Question
I am wondering whether or not it is true that if $A$ is a reduced ring, then
is it the case that the localization of $A$ at any of its prime ideals is an integral domain?
Discussion
Recall that $A$ is reduced if it contains no nonzero nilpotents, i.e. $Nil(A)=\{0\}$.
I have already shown the following two facts:
- A ring $A$ being reduced is a local property, i.e. $A$ is reduced if and only if the localization of $A$ at any prime ideal is reduced.
- $A$ reduced does not imply $A$ is an integral domain (in general).

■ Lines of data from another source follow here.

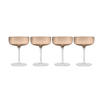 Fuumi champagne glasses Coupe 28 cl 4-pack from blomus are made of glass and have an elegant colour on the bowl that harmonizes with the clear glass stem and base. Serve your favourite bubbly in the mouth-blown glasses and enjoy a lovely evening together with good friends.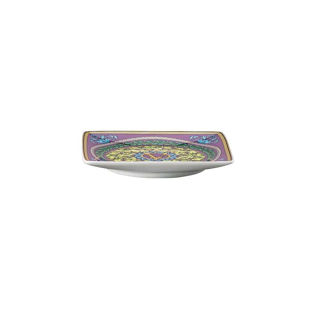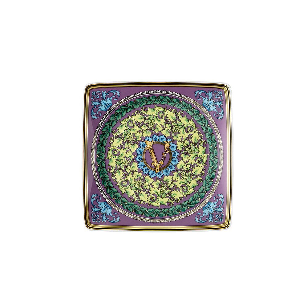 Vasul Barocco Mosaic de la Versace , din porțelan fin , este o sărbătoare uimitoare a artei și luxului italienesc . Designul său captivant prezintă un mozaic baroc complicat, îmbogățit de nuanțe vibrante de violet, verde și albastru care se împletesc armonios în jurul simbolului central Versace „V” , o emblemă a eleganței și rafinamentului.
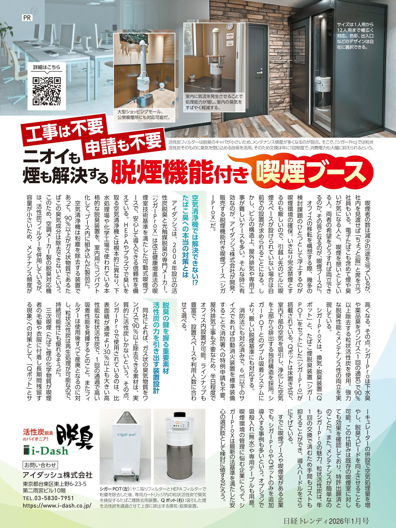日経トレンディ 2026年1月号に弊社の脱煙機能付き喫煙ブース「シガーProX」に関する記事を掲載しました。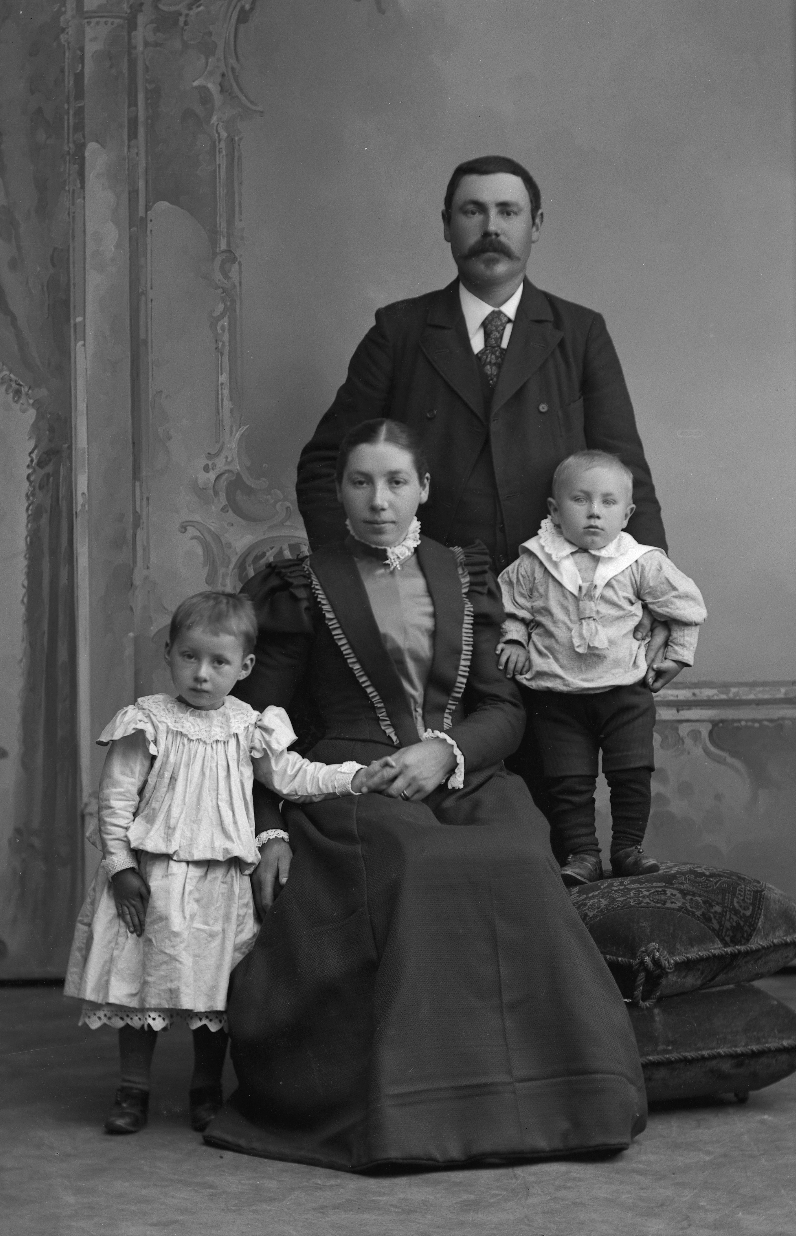 Porträtt i helfigur av P. Thunell med famiilj, sittande och stående.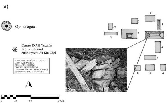 Lo anterior se supo hasta que se intensificaron los recorridos en la zona al suroeste de Dzilam de Bravo, donde se hallaron varios cientos de pequeñas estructuras que se comentarán más adelante. El sitio de Santa Úrsula, al sur de Providencia, es un caserío sencillo, compuesto por poco más de una decena de basamentos, algunos rectangulares y otros de planta circular, hechos con hiladas sencillas de piedras amorfas y sin restos de superestructuras, dispuestos sin un orden aparente, simplemente agrupados sin delimitar espacios públicos. La excepción en cuanto al tipo de asentamientos que se encuentran en el tzekel es Adiel, un sitio ubicado a 860 m al este de Santa Úrsula, que posee un pequeño núcleo formado por dos plazas adyacentes (Mapa 11a), encabezadas por una estructura de 25 m de largo de este a oeste por 12 m de ancho de norte a sur y cuatro metros de altura, con dos cuerpos superpuestos de mampostería burda muy similar a la de sitios como Providencia y Petén Xnuc (Mapa 11b).

The counter example I used to prove $2$ was $\mathbb{Z}/6\mathbb{Z}$. Unfortunately, in this case all the localizations at prime ideals are integral domains, and they seem to be in every example I can think of. More generally, one could ask the question (since localizations are local rings), when is a reduced local ring an integral domain?
If anyone had a good idea for a counterexample to the original question (or a proof if it is true-although I doubt this since being an integral domain seems much stronger than being reduced), that would be much appreciated.
This is one of 12 parts to a question which I had on my midterm a few weeks ago, and the only part I have not figured out of that question
Best Answer
This is not true. The ring $k[x,y]/(xy)$ is reduced but the localization at $(x,y)$ is not an integral domain. For instance, because $xy = 0$ in the localization but $x \neq 0$ and $y \neq 0$.